5.8.1 The Basic Idea (General Relativity)
Let's get started with the basic ideas which combine the concepts we
have discussed to produce GR. Here I will simply state the main ideas
without an explanation of their application. You will get some feel for
their application in our two examples to follow.
So, here are the main claims of GR which involve the concepts we have
discussed. First, the space-time in which we live is a four dimensional
manifold. On that manifold there is a metric tensor (or just "a metric")
which describes the geometry of space-time. The metric can be used to find
geodesics on the space-time manifold, and when an object (only being acted
on by gravity) goes from one point in space-time to another point in
space-time (note: these are not just two points in space, but two
points--i.e. events--in space-time), it moves between the points by
following a space-time geodesic. Therefore, all the information necessary
for us to determine how such objects move through space-time is held within
the form of the metric. How, then, do we determine the metric? Well, the
metric of space-time in a region is itself determined (in a not-too-trivial
way) from the stress-energy tensor (T) which is affecting the region. This
then is the new theory of gravity which relativity has produced. The
stresses and pressures and momenta in a nearby region produces a
stress-energy tensor which, in turn, changes the metric of the nearby
space-time (making its geometry "curved"). This forces objects in the region
to follow specific paths (geodesics) through the "curved" space-time, and we
attribute this motion to gravitational effects.

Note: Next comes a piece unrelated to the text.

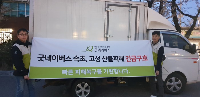 한편, 굿네이버스는 지난 5일(금), 강원도 산불 피해 지역 주민을 위해 긴급하게 필요한 겨울용 담요 등의 물품을 지원했으며, 현장에 조사단을 파견해 효과적인 긴급구호를 위한 지원계획을 수립하고 있다. 굿네이버스를 통해 산불 피해로 고통 받는 강원도 주민들을 도우려면 전화와 굿네이버스 홈페이지를 통해 후원할 수 있다.

As a conceptual example, consider a football being thrown from the
surface of the earth. Because of the mass of the earth, the space-time the
football is traveling through is a curved manifold, and the football follows
a "straight line" geodesic in the four dimensional curved space-time. To us,
the football's path is curved through three-space, but if we could somehow
experience the time dimension as a spacial dimension (i.e. if we were four
dimensional beings) and if we followed the path of the football in the
four-space, we would seem to be following a straight line on our four
dimensional curved manifold. However, in reality, the fourth dimension of
time does not act like the other dimensions in our perception of the
space-time manifold. Thus we do not see the actual four dimensional path of
the football, we only see the path in three dimensions while the fourth
component of the path is revealed to us as a dynamic component of the ball's
motion through time. That's why we can't see that its path is a "straight
line" in curved space-time. The stright-line is revealed to us as curved
motion, and we attribute that motion to gravitational effects.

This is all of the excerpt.